A pesar de todo, podemos destacar algunos destellos de luz, como la manifestación celebrada en nuestro país el pasado día 28 de noviembre en favor de la vida, la unidad que se va suscitando entre las diversas asociaciones provida o la clara defensa de la vida realizada por determinadas plataformas culturales nacientes y por algunas fuerzas políticas en España.
También resulta esperanzadora, a nivel internacional, la actuación en este ámbito de países como Polonia o Hungría, algunos de Iberoamérica y, especialmente, los EEUU, con la aprobación de leyes provida en muchos de sus Estados.
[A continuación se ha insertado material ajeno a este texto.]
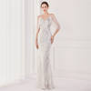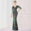 Fleepmart Elegant Beading Evening Dress Women Green Sequin Dress Party Strap Maxi Dress Long Prom Dress
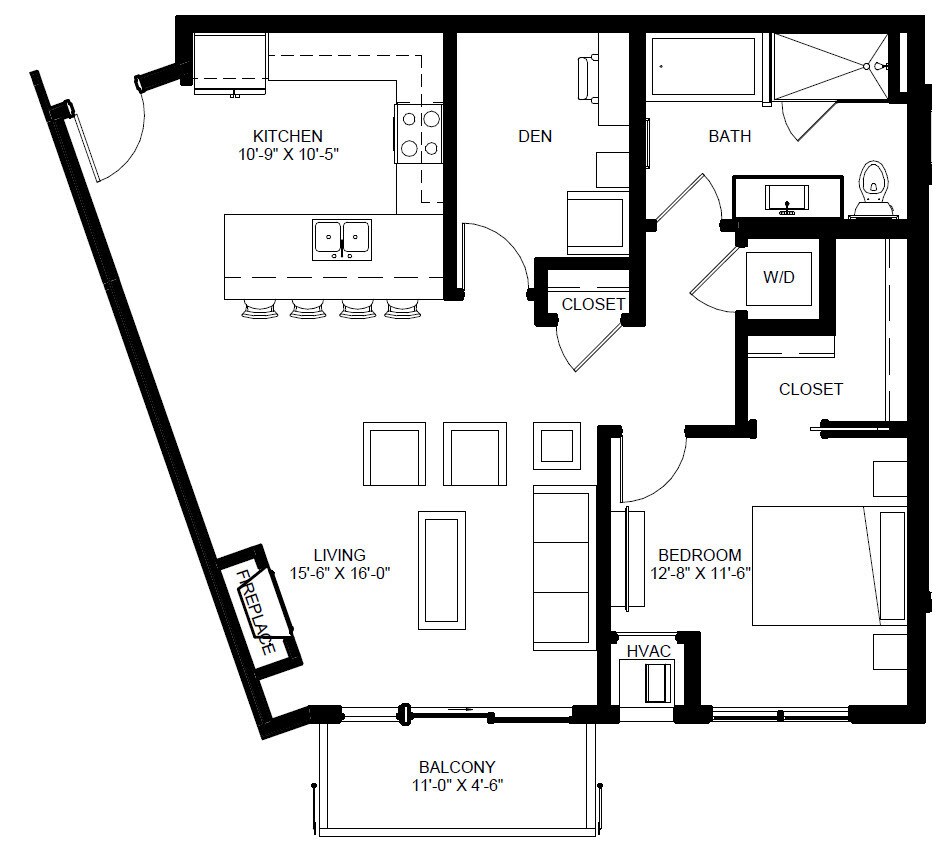 1 Dormitorio, 1 Baño, 514 pies²Galería del Modelo

En este contexto, hoy más que nunca, es necesario reflexionar sobre el derecho a la vida. Como cristianos estamos llamados, a través del amor, a colaborar, a acompañar, a ser creativos y también audaces, para llegar a despertar la conciencia sobre este derecho. No podemos callar ante los que defienden el derecho al aborto o a la eutanasia. Quienes no son creyentes, pero son conscientes del ataque a la vida y dignidad del ser humano que suponen iniciativas como las anteriormente mencionadas, también han de alzar la voz.
Entonces, ¿qué podemos hacer, hoy?
No cabe incurrir en la indiferencia ante la agresión al más indefenso, como nos urge continuamente el Papa Francisco. Hemos de reafirmar nuestro compromiso personal, firme y valiente de promover el derecho a la vida y enfrentarnos sin miedo a las ideologías y a la cultura de muerte. Y en ello hemos de contar con la cruz: “dichosos cuando os insulten y os persigan y os calumnien de cualquier modo por mi causa”, esta será nuestra “corona” en el cielo.
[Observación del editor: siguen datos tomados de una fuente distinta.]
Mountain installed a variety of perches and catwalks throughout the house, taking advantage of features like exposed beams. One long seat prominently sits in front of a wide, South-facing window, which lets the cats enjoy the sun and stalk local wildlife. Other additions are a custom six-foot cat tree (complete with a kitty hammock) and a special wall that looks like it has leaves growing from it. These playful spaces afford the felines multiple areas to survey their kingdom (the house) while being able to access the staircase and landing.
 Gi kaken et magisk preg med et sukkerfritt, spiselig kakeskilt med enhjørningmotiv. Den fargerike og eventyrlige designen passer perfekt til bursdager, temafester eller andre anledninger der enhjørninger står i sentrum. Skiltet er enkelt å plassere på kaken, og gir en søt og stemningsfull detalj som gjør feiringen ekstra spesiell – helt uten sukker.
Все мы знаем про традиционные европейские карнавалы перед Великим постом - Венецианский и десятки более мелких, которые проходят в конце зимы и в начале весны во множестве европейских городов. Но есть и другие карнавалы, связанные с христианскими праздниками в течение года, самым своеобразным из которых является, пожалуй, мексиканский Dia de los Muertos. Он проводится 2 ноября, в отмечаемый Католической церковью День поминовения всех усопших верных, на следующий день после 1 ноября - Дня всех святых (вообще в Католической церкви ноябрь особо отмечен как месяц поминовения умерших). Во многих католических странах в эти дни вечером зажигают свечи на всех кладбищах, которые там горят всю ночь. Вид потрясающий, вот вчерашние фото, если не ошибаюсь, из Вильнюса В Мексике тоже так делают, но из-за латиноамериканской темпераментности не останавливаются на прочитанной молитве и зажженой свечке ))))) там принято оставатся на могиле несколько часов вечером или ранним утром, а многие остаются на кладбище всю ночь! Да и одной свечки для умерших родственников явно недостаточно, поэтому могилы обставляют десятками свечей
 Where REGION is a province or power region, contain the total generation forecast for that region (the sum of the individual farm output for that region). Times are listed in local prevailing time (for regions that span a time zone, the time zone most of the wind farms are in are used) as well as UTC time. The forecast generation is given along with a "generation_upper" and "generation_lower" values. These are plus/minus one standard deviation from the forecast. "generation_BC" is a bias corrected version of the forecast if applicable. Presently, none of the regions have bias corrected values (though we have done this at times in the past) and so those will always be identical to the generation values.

Podemos defender esta causa con acciones personales concretas, por pequeñas que parezcan: como llevar el debate al café o al recreo del instituto; colaborar económicamente y como voluntario con las asociaciones provida (p.ej: el Proyecto Mater, de Cáritas, o la Fundación Red Madre); con nuestra presencia en los actos que se organicen a favor de la vida o promoviendo en nuestros grupos o parroquias la celebración del Día de la Vida, cada 25 de marzo, o de los Santos Inocentes, cada 28 de diciembre; organizar algún debate o videoforum en el espacio público; unirnos a las iniciativas de oración por la vida; y, por supuesto, con nuestro voto, eligiendo en conciencia entre los candidatos, partidos y propuestas electorales, etc… Se trata de poner toda nuestra creatividad y talentos al servicio de la cultura de la vida, para llegar a despertar la conciencia sobre este derecho.
Los creyentes debemos vivir el Evangelio de la Vida con la luz que nos ofreció San Juan Pablo II: con oración confiada a Dios y con ayunos, como medios imprescindibles. No podemos bajar la guardia, ni dejar de rezar un día por las mujeres embarazadas, por las personas que sufren o están en dificultades, por las asociaciones que trabajan a favor de la vida y por los políticos, para que cada uno, desde su ámbito y su partido (la defensa de la vida no es partidista), ponga en marcha medidas que garanticen el derecho a la vida.
La defensa de la vida, sin embargo, no es un imperativo exclusivo de las personas de fe. Como decía el pensador Julián Marías o defendió el escritor Miguel Delibes, no es necesario ser creyentes para rechazar de forma rotunda el aborto. La defensa de la vida se basa en la razón y en la dignidad de la persona humana.